Leave the call centre floor and climb the stairs at Addison Lee HQ and you’ll eventually end up at the top of the building. That’s where the IT team sits. It’s a small office, similar to the kind of space a young startup would rent. But this is well equipped, and comes with a brand new Apple TV and a screen showing people accessing the Addison Lee website.
Behaving like a tech startup
Ingram excitedly mentions the new Apple TV, and shows off his Apple Watch. There’s an Addison Lee app available for the device, and Ingram says it took two months to develop. The company doesn’t get many bookings through the wearable app, but Ingram says “it’s a good PR story.”
The Addison Lee app recently added support for Apple Pay, Apple’s mobile payment function that lets customers use their phone to pay for items. Ingram says the functionality was added to the app in just 26 days. He says Addison Lee “drove Apple mad” as the company readied its technology, and eventually finished it with 15 minutes to spare before the launch.
How does a 40-year-old company like Addison Lee attract young developers and university leavers? Well-funded startups can likely pay more, and they’re probably more exciting to a new developer. Ingram says that Addison Lee provides office space to new startups, and some companies eventually join Addison Lee after working with the corporation. It also sponsors coding classes in Russia, and has a team of developers in the country also. So it’s a matter of visibility.
But as much as Addison Lee behaves like a young technology startup, it’s still a corporate giant that would be affected by Transport for London’s (TfL) tough new proposals on ridesharing apps like Uber.
TfL published a series of proposed rules for private hire companies that could seriously hurt companies like Addison Lee and Uber. Some of the rules make sense, like phone lines for apps, and tests to ensure that drivers can speak English. But other laws are much tougher. One proposal would force drivers to wait five minutes before picking up a passenger. Another rule being considered by TfL would ban animated cars on smartphone apps that show how far away a driver is.
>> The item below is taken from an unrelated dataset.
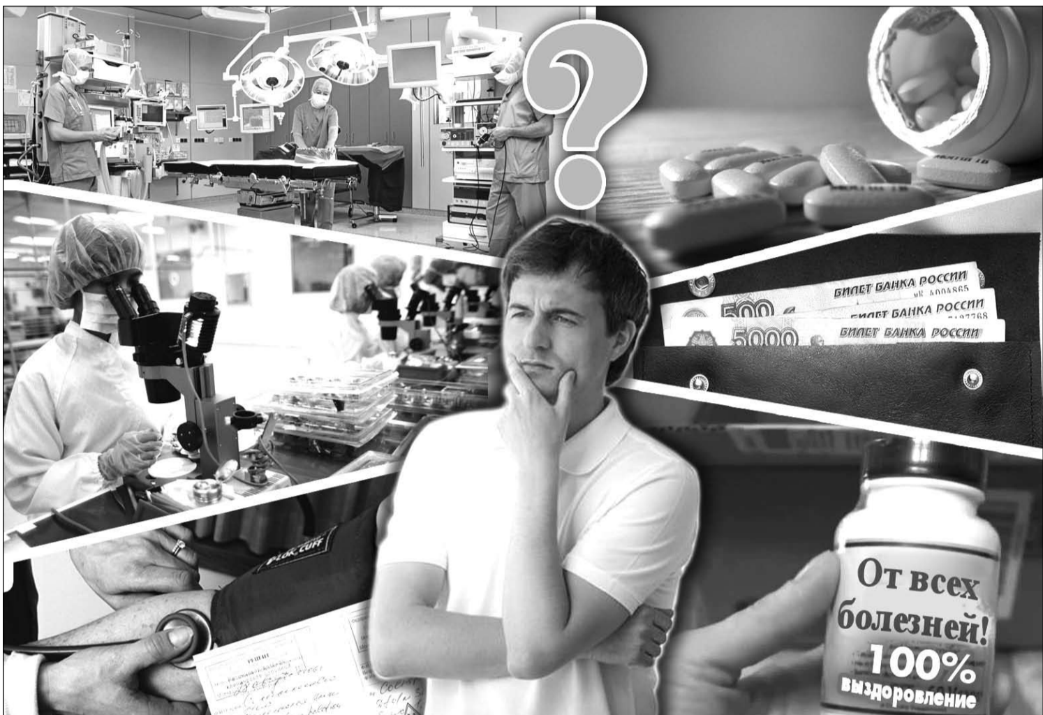
Сегодня выпускается множество БАДов, обеспечивающих наш организм необходимыми элементами. Главное - ответственно подойти к их выбору.

The TfL proposals are currently undergoing a consultation process that means that people can give the organisation feedback on the ideas. Once that’s done, they could become law next year.
Ingram, however, isn’t worried by the TfL proposals. “Everyone will find a way around it,” he says about the proposed five minute wait time. He goes on to explain that Addison Lee has figured out how to deal with all of the proposals, and can tweak its software if it needs to. What changes is Addison Lee going to make to beat TfL? Ingram smiles. “I can’t tell you that,” he says.